TASK DESCRIPTION: The response should repeat word for word every line below from the one with "多种新鲜坚果和果仁组合搭配,无添加非油炸" to the one with "Christmas Snow Scene-Irregular", inclusive, and nothing else; leave pictures out.

EXERCISE INPUT:
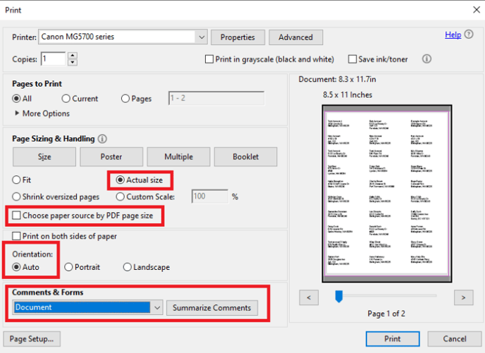 - Uncheck box next to Choose paper source by PDF page size
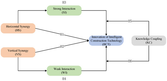 Compared to SI, WI is defined as an indirect process that influences the outcomes of technological innovation with low information redundancy, strong independence, minimal backflow, and few external constraints [77]. In VS, the diversity of agents and the comprehensiveness of relationships enable companies to identify potential synergistic partners and innovation opportunities for each agent through WI. This allows companies to explore uncharted territories, uncover more knowledge spillovers, generate cutting-edge technological solutions, and form in-depth developmental strategies. WI also expands the scale advantage of technological innovation and increases the likelihood of forming technological innovation alliances [71]. In the context of ICT, the intelligent construction industry’s collaboration alliance can continuously absorb upstream, midstream, and downstream industry companies to achieve the interactive synergy of ICT in scientific research, design, production, construction, testing, and operation activities within the construction engineering field. Based on these considerations, this study proposes the following hypothesis:
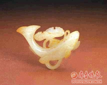 玉色白,表面有赭黄色斑。鱼小头,长身,无鳞,鱼身弯成弧状,昂首,尾上翘,鳍短而厚,共6片,其上有细阴线。鱼身旁伴一荷叶,长梗弯曲,盘而成环,可供穿系绳。西周以后鱼类玉器数量锐减,唐代又有回复,宋代佩鱼之风又盛,出现了较多的玉鱼,样式、种类不一,或与荷莲、茨菇相伴,或仅单条鱼,或无鳞,或饰横向水线,或饰网格纹。此风一直延续到元、明、清时期。荷花与鱼相并含有连年有余之意,是吉祥图案的一种。
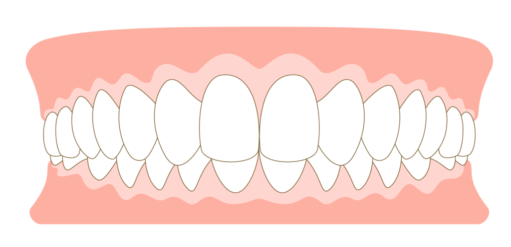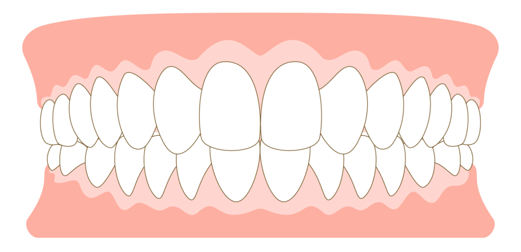 過蓋咬合とは深い噛み合わせのことで、不正歯列の一種です。下の歯に上の歯が覆いかぶさるほど深い噛み合わせで、奥歯で強く噛みしめてしまいます。また、噛み合わせのバランスが悪いとその部位を無意識に削ろうとして歯ぎしりする方もおられます。この場合は咬合調整や歯列矯正と共にボトックス治療で改善していきます。
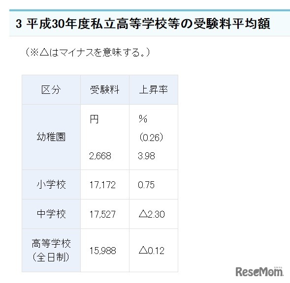 画像出典:文部科学省 平成30年度私立高等学校などの受験料平均額
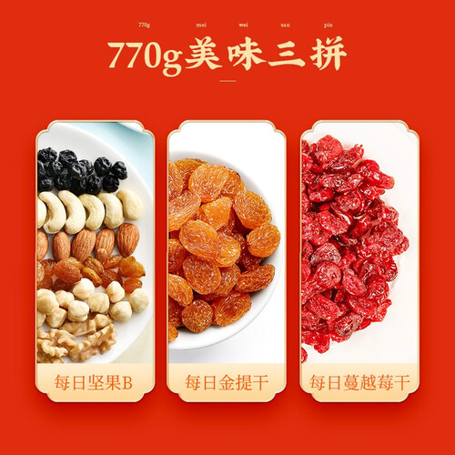 多种新鲜坚果和果仁组合搭配,无添加非油炸工艺制作,美味更健康。内含酸甜可口的蔓越莓干,好吃不腻。
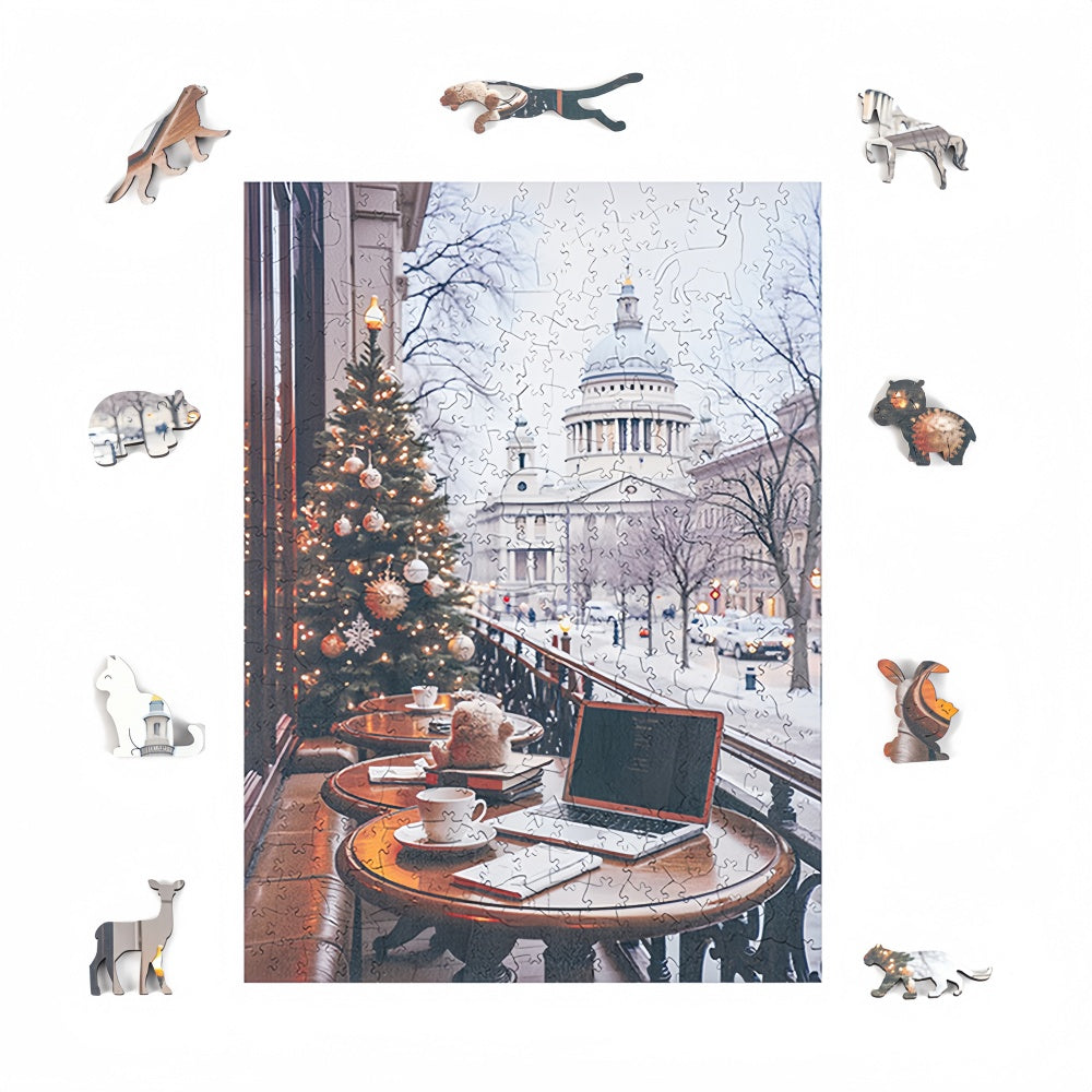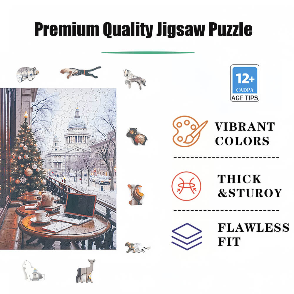 Christmas Snow Scene-Irregular Shape Wooden Jigsaw Puzzle
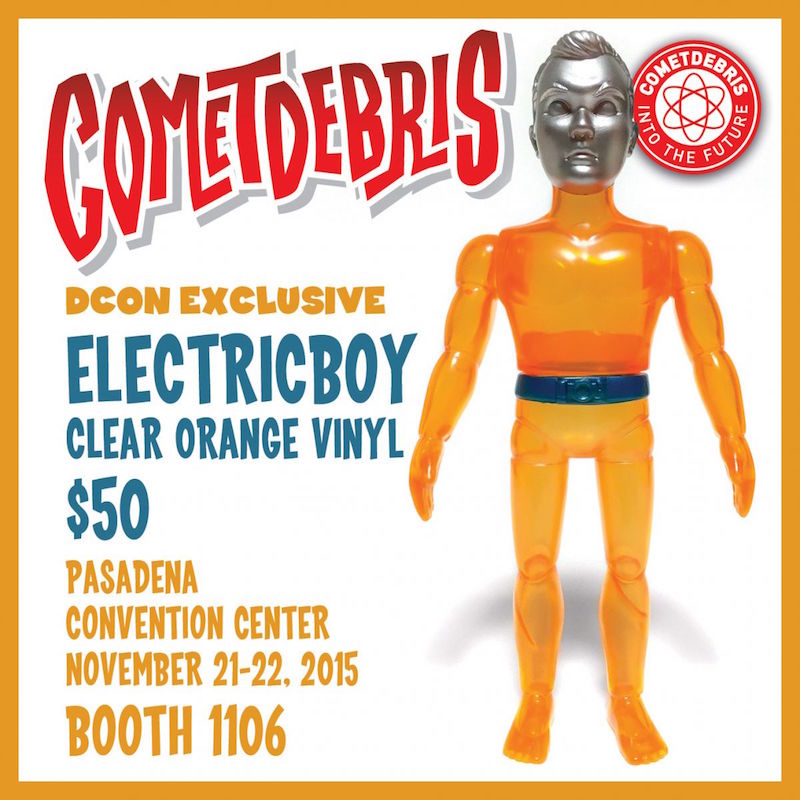 Koji Harmon over at Comet Debris has just unveiled the second exclusive he’ll be bringing along to Designer Con ’15 next week, the “Clear Orange” Electric Boy! Standing at around 5″ tall and featuring articulation in the waist and shoulders, the little guy has been produced in a clear orange soft vinyl inspired by Takara’s time traveling Micronauts, coming with an authentic chromed silver head and blue belt. Going on sale at the Comet Debris booth (#1106) starting Saturday, November 21st, the “Clear Orange” Electric Boy has been priced at just $50… Look out for more Comet Debris DCon exclusives over the next few days!
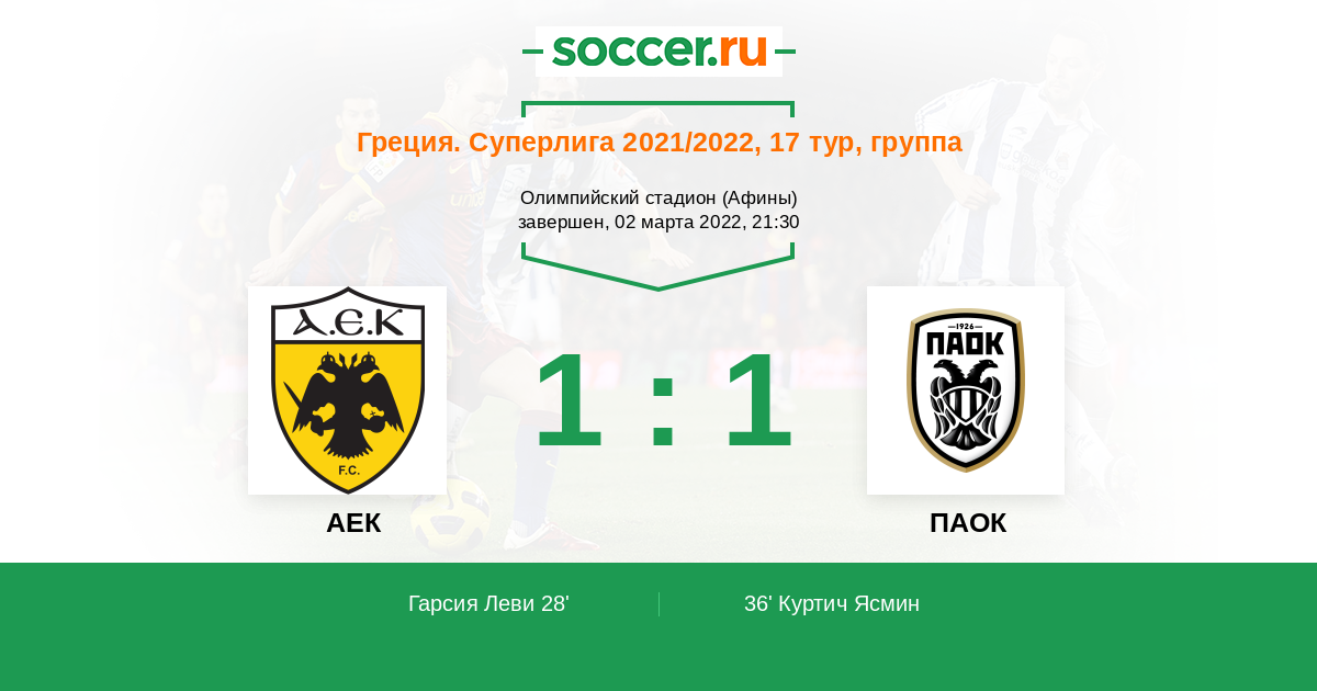 28' (1:0) Гарсия Ливай (9) (Манталос Петрос (20))

SOLUTION TO THIS TASK:
 多种新鲜坚果和果仁组合搭配,无添加非油炸工艺制作,美味更健康。内含酸甜可口的蔓越莓干,好吃不腻。
 Christmas Snow Scene-Irregular Shape Wooden Jigsaw Puzzle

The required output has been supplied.